Lasso assignment¶

Yoav Ram¶

First, we load the diabetes dataset, and try to predict the progression of the diabetes condition from several features, including age, blood pressure, and some blood serum features.

In [10]:

%matplotlib inline
import matplotlib.pyplot as plt
import numpy as np
import pandas as pd
import seaborn as sns
sns.set(
    style='ticks',
    context='talk',
    palette='Set1'
)

from sklearn.datasets import load_diabetes
from sklearn.linear_model import LinearRegression
from sklearn.model_selection import train_test_split

import warnings
warnings.simplefilter('ignore', FutureWarning)

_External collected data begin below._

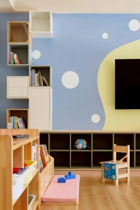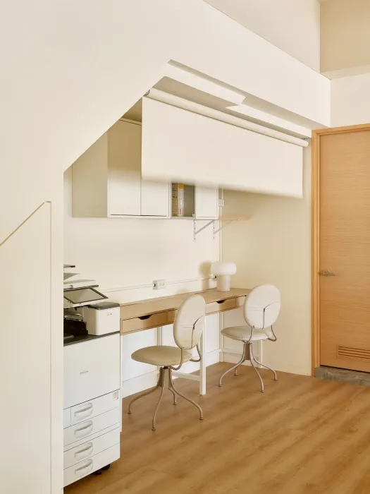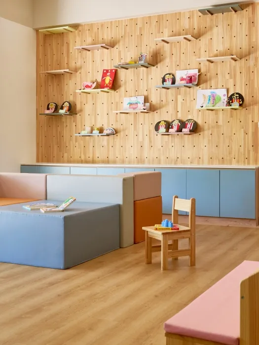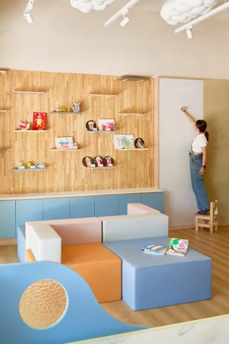 白雲、藍天與波浪,化作空間中的語言:米色天花板是輕盈的雲朵,主牆上的流線波紋延伸成南瓜馬車的輪廓,浪漫中帶著童趣;原木洞洞板則像小鳥的窩,溫暖而真實。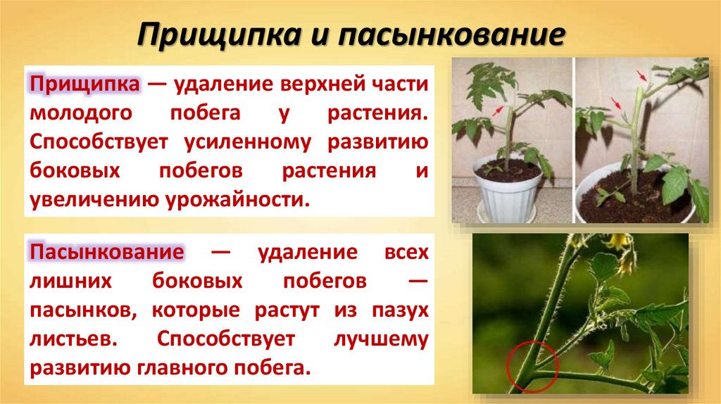 Прищипка и пасынкованиеПрищипка — удаление верхней части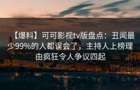 【爆料】可可影视tv版盘点:丑闻最少99%的人都误会了,主持人上榜理由疯狂令人争议四起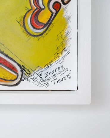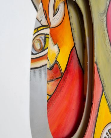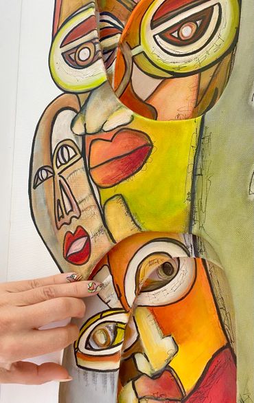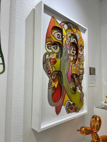 Created using the Cut Canvas Technique, the carved openings introduce depth and movement, allowing fragments of imagery to emerge from within the surface. These layers transform the canvas into a dynamic psychological landscape.
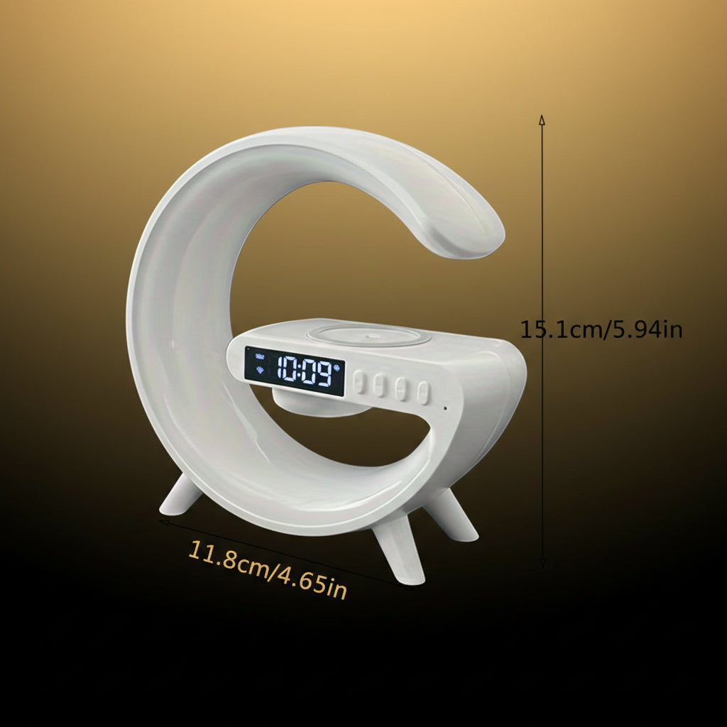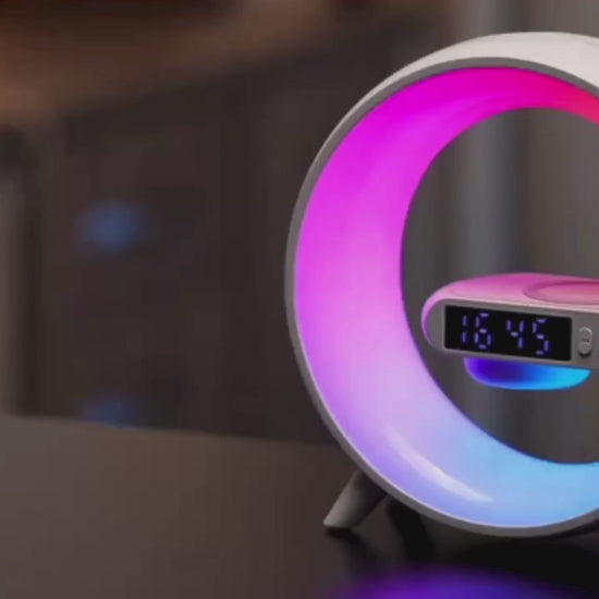 Transformă orice spațiu într-un loc modern și relaxant cu Smart Speaker-ul Multifuncțional 4-în-1. Conceput pentru uz zilnic, acest dispozitiv inteligent combină sunet de calitate, încărcare wireless rapidă, lumină ambientală RGB și ceas cu alarmă într-un design elegant, perfect pentru dormitor, living sau birou.

Let's load the data and plot it.

In [2]:

dataset = load_diabetes()
feature_names = dataset.feature_names
X = pd.DataFrame(dataset.data, columns=dataset.feature_names)
y = dataset.target
X.head()

Out[2]:

	age	sex	bmi	bp	s1	s2	s3	s4	s5	s6
0	0.038076	0.050680	0.061696	0.021872	-0.044223	-0.034821	-0.043401	-0.002592	0.019908	-0.017646
1	-0.001882	-0.044642	-0.051474	-0.026328	-0.008449	-0.019163	0.074412	-0.039493	-0.068330	-0.092204
2	0.085299	0.050680	0.044451	-0.005671	-0.045599	-0.034194	-0.032356	-0.002592	0.002864	-0.025930
3	-0.089063	-0.044642	-0.011595	-0.036656	0.012191	0.024991	-0.036038	0.034309	0.022692	-0.009362
4	0.005383	-0.044642	-0.036385	0.021872	0.003935	0.015596	0.008142	-0.002592	-0.031991	-0.046641

In [3]:

sns.pairplot(X);

In [4]:

sns.distplot(y);

We can now split the data.

In [12]:

X_train, X_test, y_train, y_test = train_test_split(X, y, test_size=0.25)

Linear regression¶

Here we perform standard linear regression.

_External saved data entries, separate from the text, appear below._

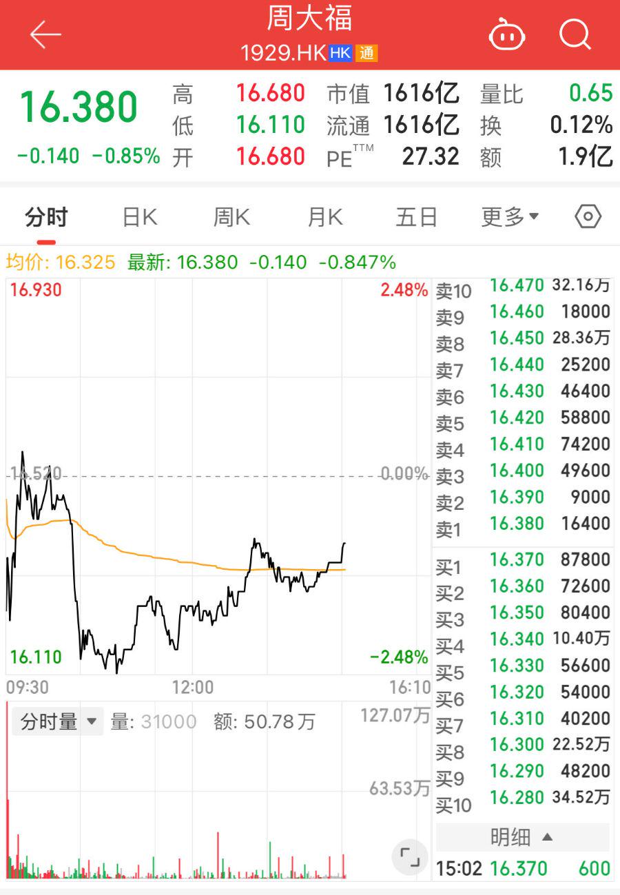 二级市场方面,截至15时02分,周大福报16.38股/港元,下跌0.85%。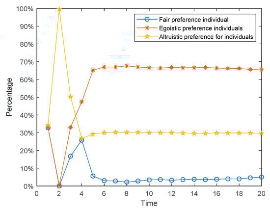 In Figure 27, at the initial moment, the individual preferences change greatly. Firstly, their preferences change to the fair preference, and then quickly change to the egoistic preference. From the perspective of isolated individuals, the number of individuals with an egoistic preference withdrawing from public opinion interactions is the largest. From the perspective of revenue, the individuals with an altruistic preference have the largest revenue in the network.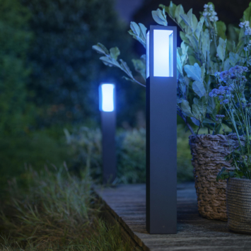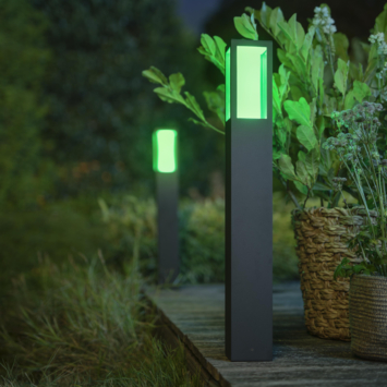 De strakke vormgeving van de hoge zwarte Philips Hue Impress White and color ambiance sokkellamp past in allerlei buitenomgevingen. De ingebouwde LED-verlichting achter de glazen panelen levert licht in 16 miljoen kleuren en laat zich eenvoudig bedienen als je de lamp verbindt met een Philips Hue Bridge. Via de Philips Hue app op je smartphone of tablet beschik je dan over tal van slimme lichtfuncties zoals bediening op afstand (als je niet thuis bent), timers en geofencing-technologie. Dat betekent dat de buitenverlichting automatisch aangaat als je je huis nadert. De lamp is bovendien weerbestendig met een IP44-classificatie, dus je hoeft je geen zorgen te maken over regen en wind.

Note scores can differ due to the train-test split!

In [13]:

reg = LinearRegression()
reg.fit(X_train, y_train)
print("Score:", reg.score(X_test, y_test))

Score: 0.5041314648870356

Lasso regression¶

Now experiment with the Lasso model from the linear_model package (Lasso: least absolute shrinkage and selection operator).

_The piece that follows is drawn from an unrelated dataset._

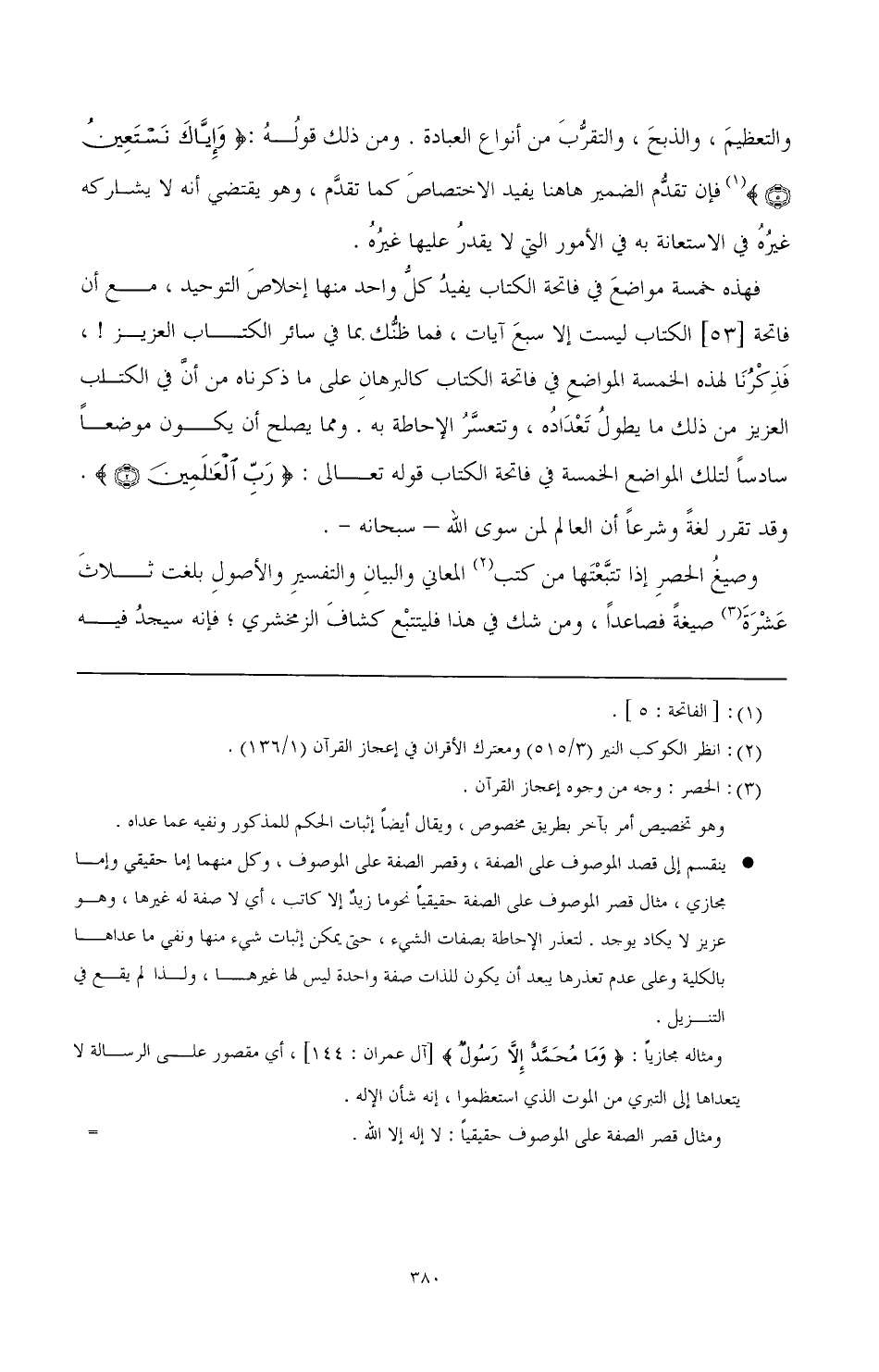 وصيغ الحصر إذا تتبعتها من كتب (¬2) المعاني والبيان والتفسير والأصول بلغت ثلاث عشرة (¬3) صيغة فصاعدا، ومن شك في هذا فليتتبع كشاف الزمخشري، فإنه سيجد فيه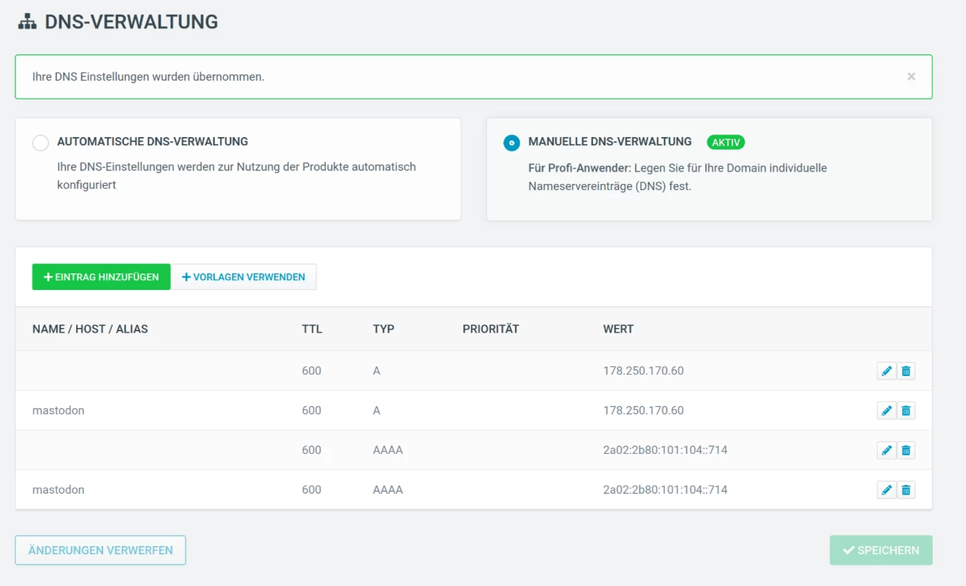 Nun müssen in den DNS-Einstellungen deiner eigenen Domain noch zwei Einträge angelegt werden, die jeweils auf die IPv4-Adresse und die IPv6-Adresse deines Servers verweisen:

Lasso is a linear model that performs regularization: avoiding giving too much weight to any single feature. This is done by minimizing not just the sum of residual squares between the model predictions and the observed values (the fit), but also the sum of the absolute values of the model coefficients (the penalty):

$$ \hat{y} = a_0 + a_1 x_1 + \ldots + a_m x_m \\ f(a_1, \ldots, a_m) = \frac{1}{2n} \sum_{i=1}^{n}{(\hat{y}_i - y_i)^2} + \alpha \sum_{j=1}^{m} |a_j| $$

This is useful for feature selection, that is, finding features that are less important and therefore get a zero coefficeint. Thus, is increases prediction accuracy as well as interpretability of the linear model.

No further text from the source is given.